»»

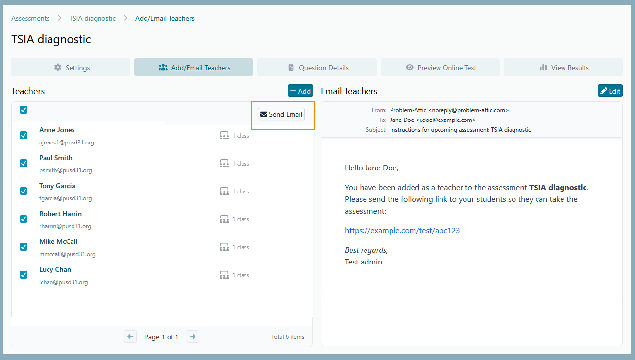 Step 11. The Assessment Manager will send to each teacher an email with a unique link to the test. Teachers will then provide the link to their students. You decide when the email gets sent. Also, you can change the wording and subject line of the email. To do that, click the Edit button.
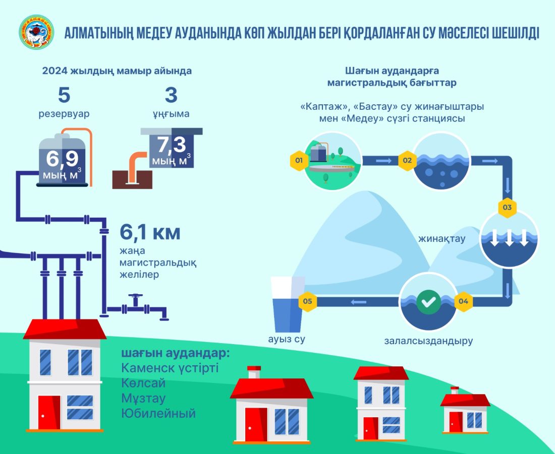 Осылайша, Медеу ауданының инженерлік желілері мен нысандары қолда бар жер асты су жинағыш қуатына қосымша қосылған. «Каптаж», «Бастау» жер асты су қабылдағыштарынан және «Медеу» сүзгі станциясынан түсетін су осы резервуарларда жинақталып, зарарсыздандырылады. Содан кейін сорғылардың белгіленген топтары есебінен ауыз су магистральдық бағыт бойынша Каменск үстіртіне таратылады.
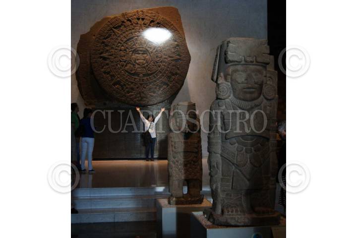 MÉXICO, D.F., 13AGOSTO2010.- El museo de Antropología conmemoró los 458 años de la caida de México-Tenochtitlan. La Piedral del Sol fue iluminada con los rayos del sol en la sala Mexica de este recinto. FOTO: INAH/CUARTOSCURO.COM
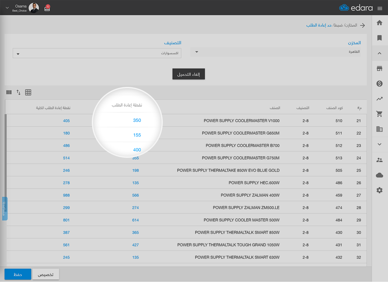 كن على علم بأي نقص في مخازنك قبل حدوثه. سينبهك "إدارة" لإعادة طلب الأصناف التي أوشكت على النفاد، كما يُظهر لك الأصناف التي تُباع ببطء، ويساعدك لتقرر ما يناسب عملاءك.
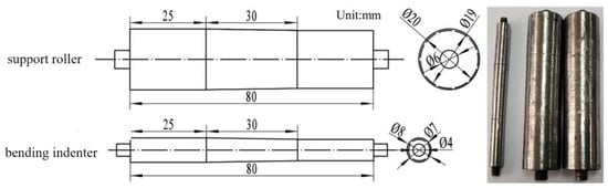 Dimensions and physical objects of the support roller and bending indenter.
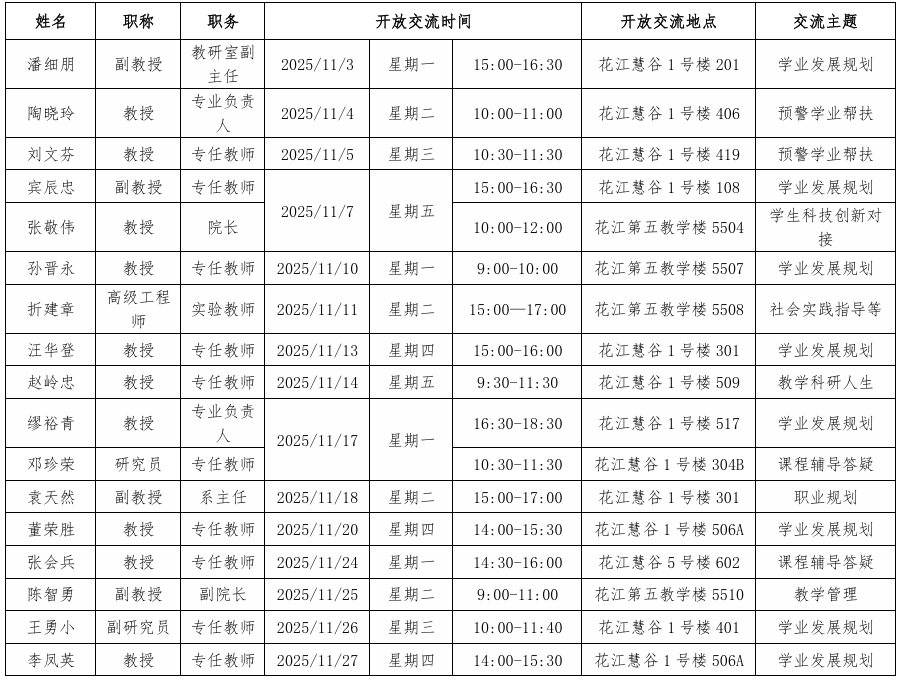 我院在2025年11月的教师开放交流时间如下,欢迎同学们根据安排表,与老师们就感兴趣的话题进行探讨与交流。

««

WORK REQUIRED -> From the first line of the entries above down to the line holding "Осылайша, Медеу ауданының", quote each line exactly and nothing else, skipping pictures.

TASK OUTPUT ->
 Step 11. The Assessment Manager will send to each teacher an email with a unique link to the test. Teachers will then provide the link to their students. You decide when the email gets sent. Also, you can change the wording and subject line of the email. To do that, click the Edit button.
 Осылайша, Медеу ауданының инженерлік желілері мен нысандары қолда бар жер асты су жинағыш қуатына қосымша қосылған. «Каптаж», «Бастау» жер асты су қабылдағыштарынан және «Медеу» сүзгі станциясынан түсетін су осы резервуарларда жинақталып, зарарсыздандырылады. Содан кейін сорғылардың белгіленген топтары есебінен ауыз су магистральдық бағыт бойынша Каменск үстіртіне таратылады.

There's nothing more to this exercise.